Kastner LA turned trash into a helpful Alzheimer's book

November is National Alzheimer's Disease Awareness Month.

Simone Nobili, creative director at Kastner LA, will be the first to tell you he’s a hypochondriac. 

This past July, it was Alzheimer’s disease that was gnawing away at him, as it affects a few members of his family. Nobili was reading about the disease on Wikipedia when he glanced across Kastner’s open-plan office and saw an illustrator throwing some sketches into the trash. 

Between the Alzheimer’s research and the discarded sketches, an idea emerged to make a coloring book for dementia/Alzheimer’s patients. Nobili plucked that drawing out of the trash, ultimately gathering 40 "creative surplus" sketches in all, to create the "Beautiful Minds" coloring book. 

With the help of Kastner creative and production teams, the coloring book made its official debut this month, coinciding with November being National Alzheimer’s Disease Awareness Month. 

"Research shows that coloring eases stress, diminishes agitation, improves memory, improves the ability to control your hand, to stay within the line," said Nobili. "Here we had so many great drawings that were being thrown away, every single day."
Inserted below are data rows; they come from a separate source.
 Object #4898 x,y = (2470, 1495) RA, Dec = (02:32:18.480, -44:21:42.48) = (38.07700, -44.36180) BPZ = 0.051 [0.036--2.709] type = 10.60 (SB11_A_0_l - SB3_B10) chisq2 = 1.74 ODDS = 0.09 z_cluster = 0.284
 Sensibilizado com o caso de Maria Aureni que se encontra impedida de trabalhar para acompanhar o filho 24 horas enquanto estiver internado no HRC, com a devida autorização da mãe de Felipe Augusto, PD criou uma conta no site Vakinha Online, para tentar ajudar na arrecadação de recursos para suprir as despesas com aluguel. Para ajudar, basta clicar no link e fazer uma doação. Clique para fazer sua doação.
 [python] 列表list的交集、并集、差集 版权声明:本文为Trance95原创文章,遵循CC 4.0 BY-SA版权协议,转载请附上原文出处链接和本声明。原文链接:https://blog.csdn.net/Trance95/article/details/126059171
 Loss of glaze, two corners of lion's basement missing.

Amidst the sketches are fragments of a greater idea - the book features some curious illustrations and captions that range from vague to profound. 
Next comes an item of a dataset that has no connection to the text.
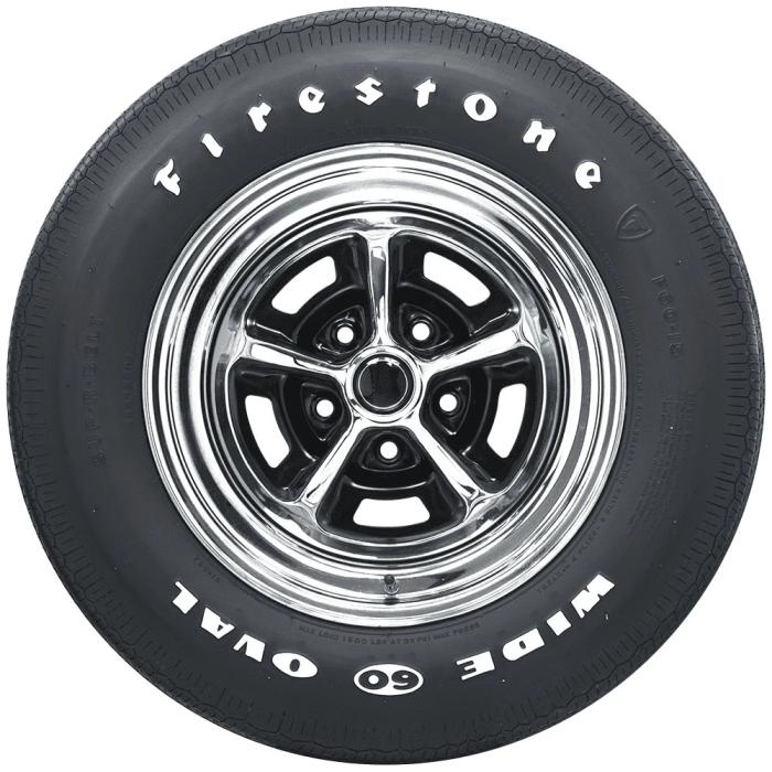 Nothing says muscle car quite like a classic set of raised white letter tires, and Firestone Wide Oval tires were original equipment for many muscle and pony cars from 1967-74. A bold "Wide Oval" logo on the sidewall instantly takes you back to the sixties when big engines and four speeds ruled the streets. Muscle cars are getting big money at auctions and the buyers love a restored-to-stock or Day Two muscle car more than ever. Firestone Wide Oval tires are made in the original molds in the USA with modern materials and technology and are backed by our exclusive Life of the Tread warranty.

There’s a sketch of an upright zebra ambling along a street. Underneath is the caption "A zebra might lose its stripes but never its mind." 

Under a sketch of Tarzan swinging on a vine, lie a watchful leopard and the caption: "F.E.A.R. Face Everything And Rise."

"I wanted to write for each sketch a line that speaks to caregivers or people with dementia," noted Nobili. The foreword more directly states, "When a mind gets robbed, we must do what every good neighbor does. Help replace as much as we can of what was taken."

"Beautiful Minds" was distributed at the Walk to End Alzheimer’s in Los Angeles earlier in November. It has also been shared with Alzheimer’s advocates, actors Vivica Fox and Victor Garber. The book is going to area nursing homes specializing for those with memory loss and Nobili has recorded a community-service segment that will air in December on KIIS-FM, Los Angeles.  

The Kastner LA team plans to continue going through the trash for creative surplus. One of the statistics Nobili uncovered - that by 2050 as many as 16 million Americans will be affected with Alzheimer’s - has stuck with him. 

"Imagine by 2050 how many sketches at Kastner we will have been thrown in the trash," he said. "My hope is this coloring book becomes an annual edition."